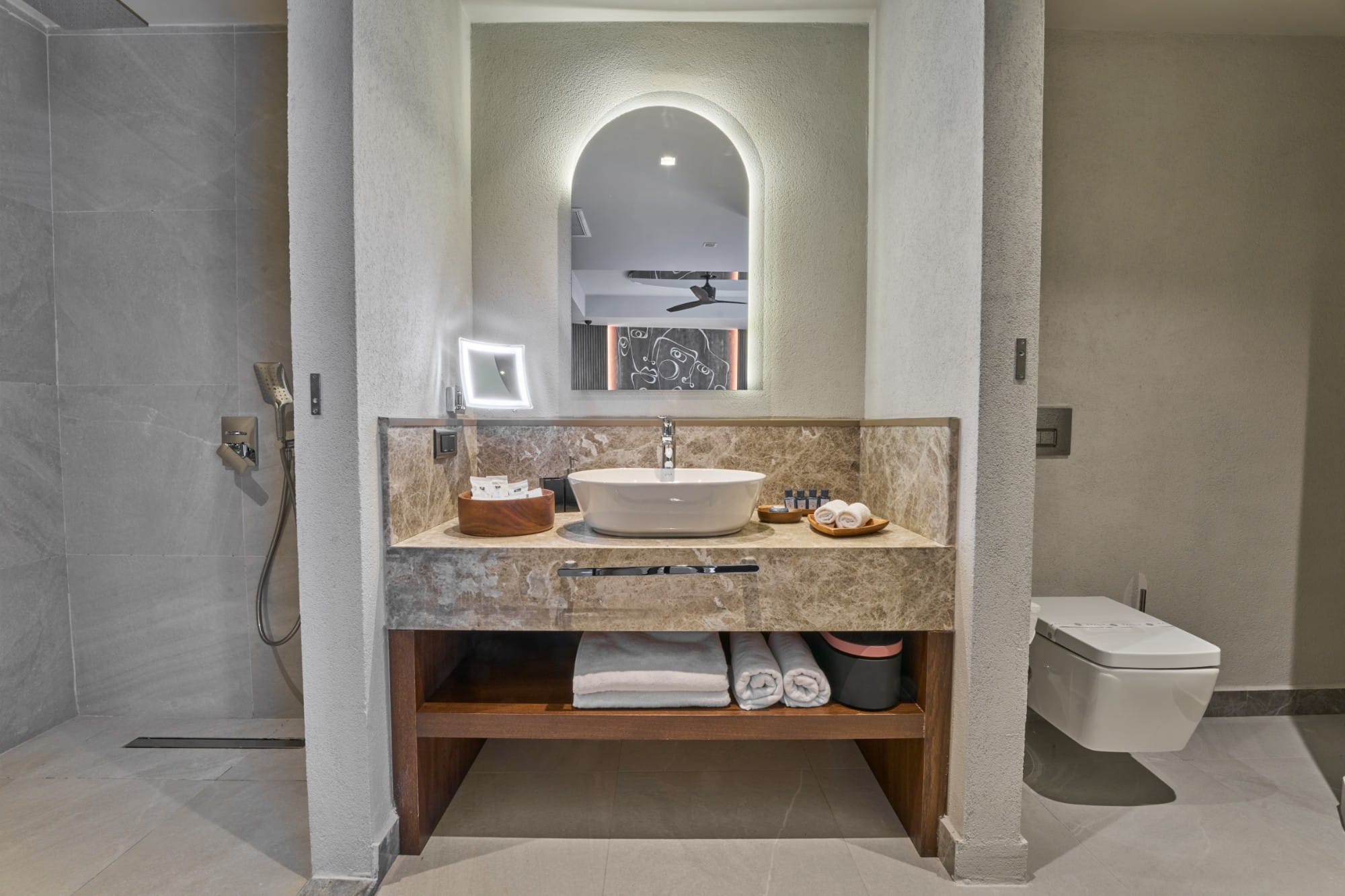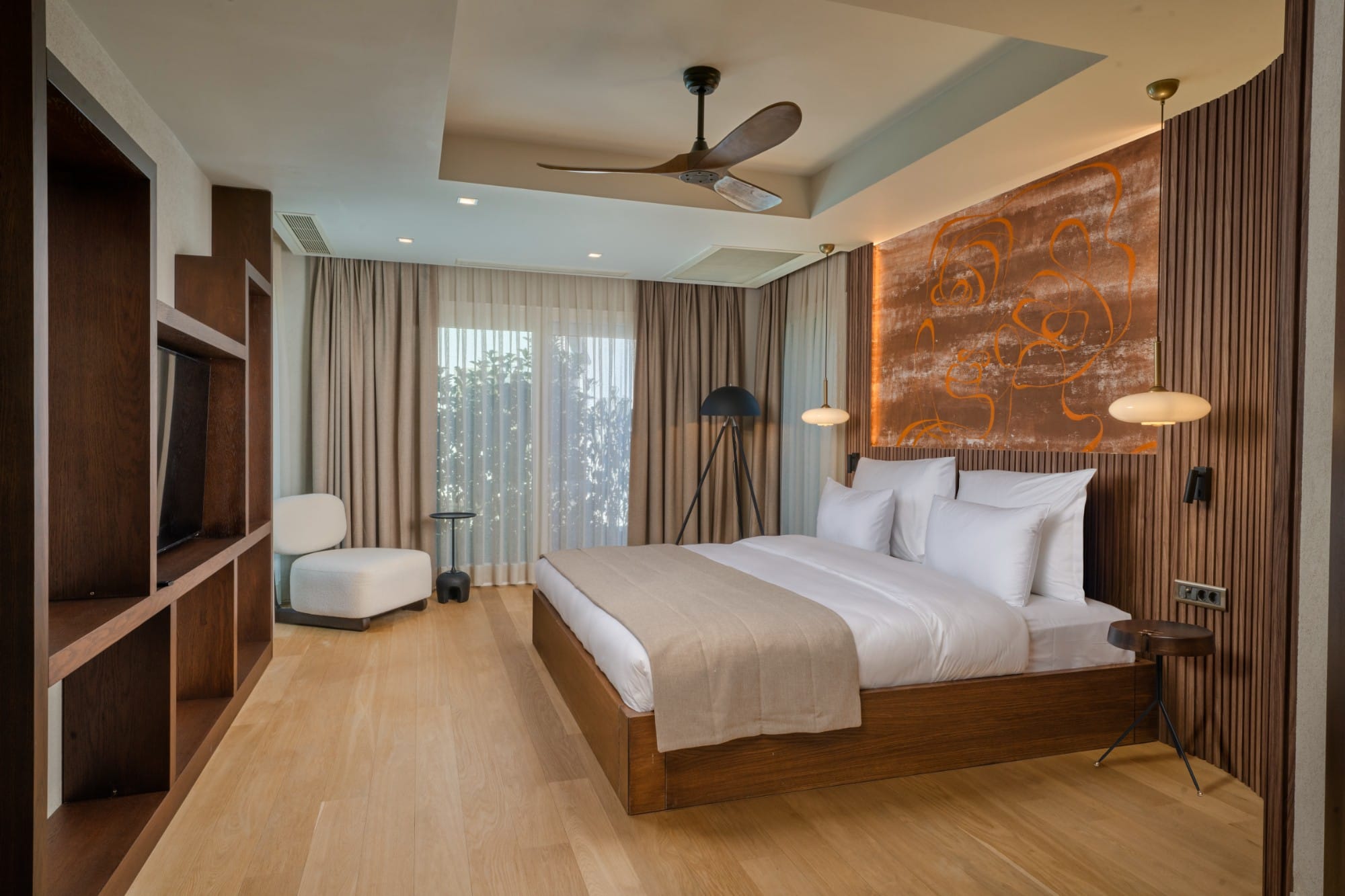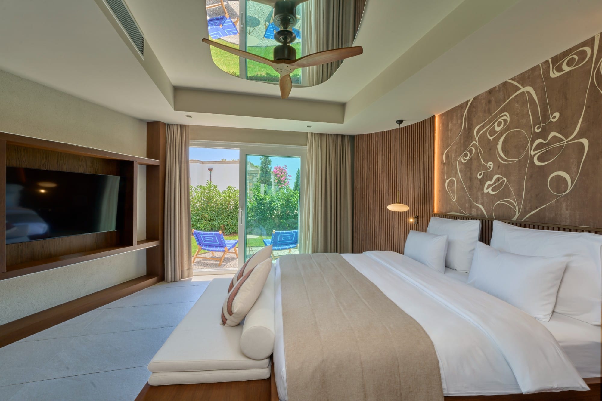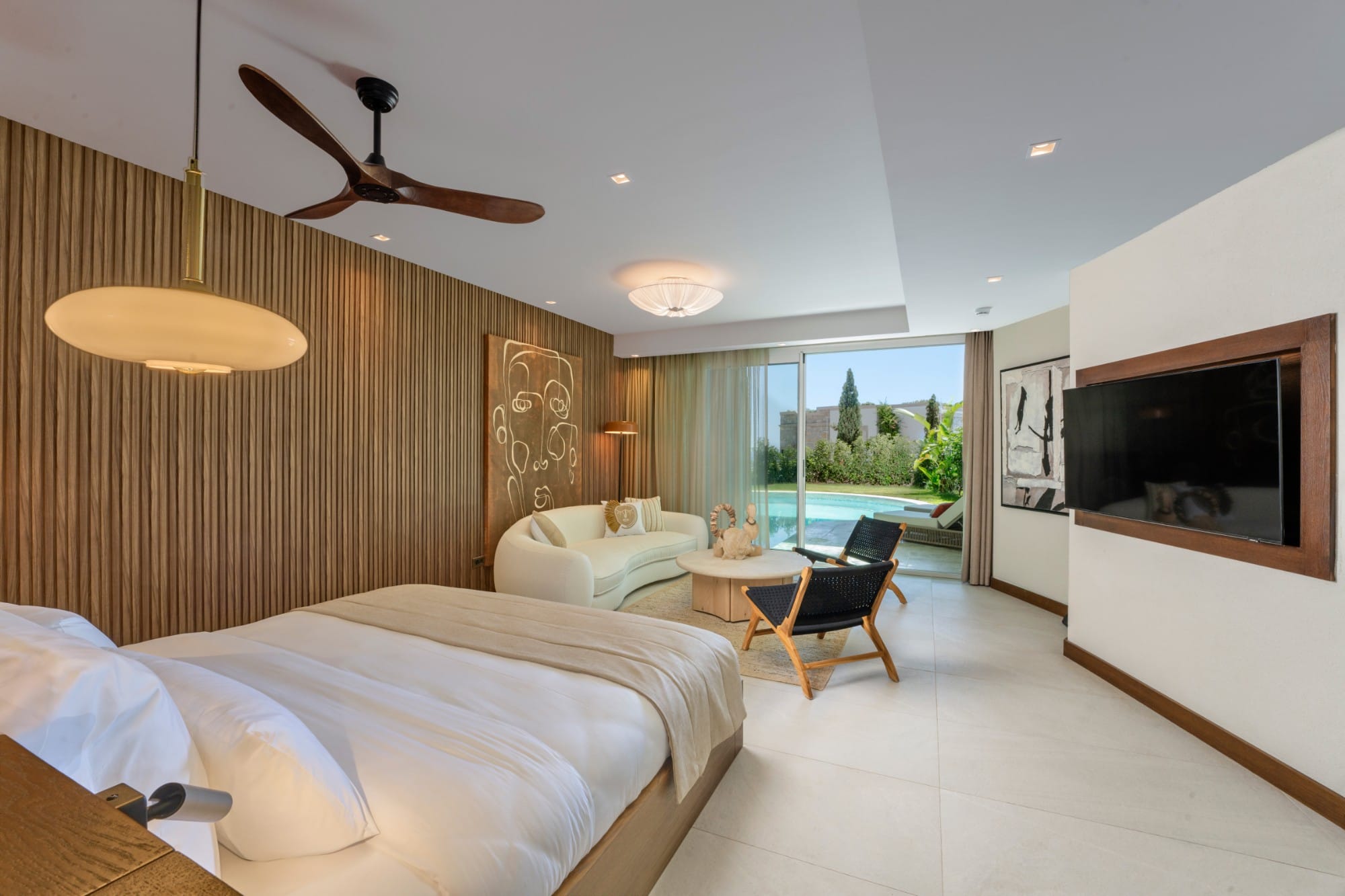 35 m²’lik bu odalar, çift kişilik yatak ve yalnızca size ait yüzme havuzuyla iki kişi için konforlu bir konaklama sunar.
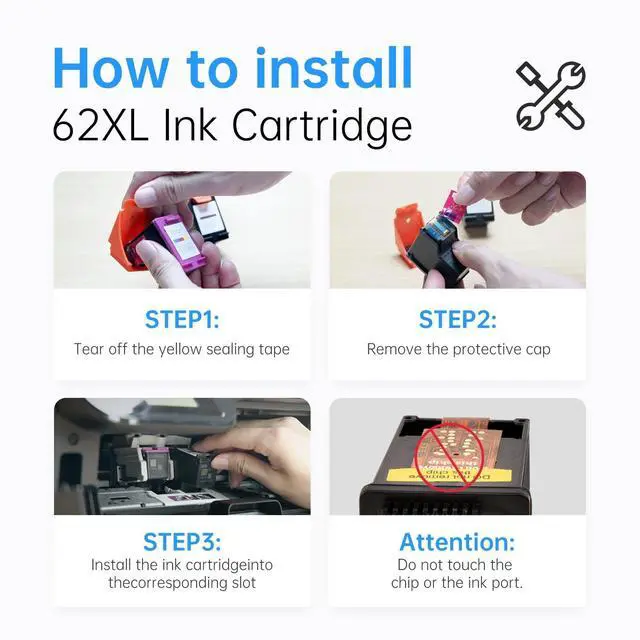 ^^ Warm Notice: Before placing an order, kindly verify that your printer model is compatible with 62XL black ink cartridges. To ensure optimal performance, avoid touching or removing the cartridge chip, and refrain from making contact with the ink nozzles.
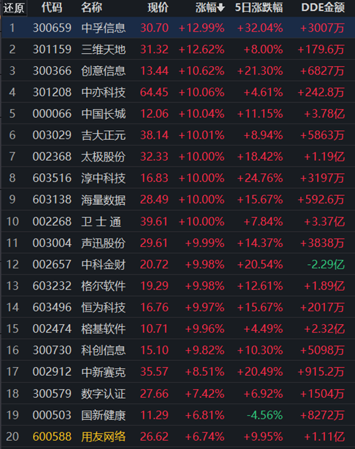 11月17日,申萬一級行業(yè)中計算機行業(yè)領漲,漲幅達2.63%,獲得24.95億元大單資金的凈流入,居資金流入行業(yè)第1位。行業(yè)中266只交易中的個股,有240只上漲,占比90.23%,其中,29只個股漲幅超5%。
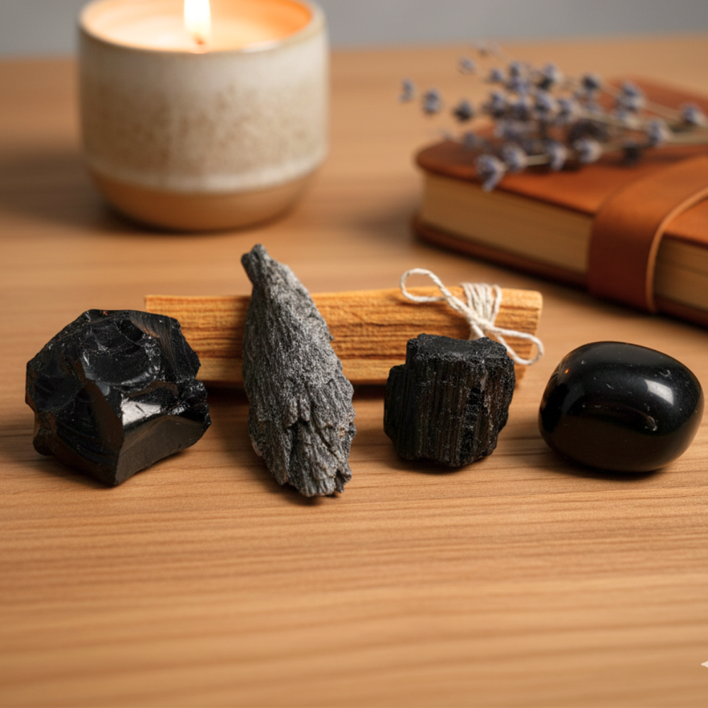 Natural Energy Shields and Transmuters. With: Onyx, Tourmaline, Black Kyanite and Obsidian.

## ABOUT THIS TASK
Could the listing above be transcribed exactly, with the pictures left out?

## RESULT FOR THIS EXERCISE
 35 m²’lik bu odalar, çift kişilik yatak ve yalnızca size ait yüzme havuzuyla iki kişi için konforlu bir konaklama sunar.
 ^^ Warm Notice: Before placing an order, kindly verify that your printer model is compatible with 62XL black ink cartridges. To ensure optimal performance, avoid touching or removing the cartridge chip, and refrain from making contact with the ink nozzles.
 11月17日,申萬一級行業(yè)中計算機行業(yè)領漲,漲幅達2.63%,獲得24.95億元大單資金的凈流入,居資金流入行業(yè)第1位。行業(yè)中266只交易中的個股,有240只上漲,占比90.23%,其中,29只個股漲幅超5%。
 Natural Energy Shields and Transmuters. With: Onyx, Tourmaline, Black Kyanite and Obsidian.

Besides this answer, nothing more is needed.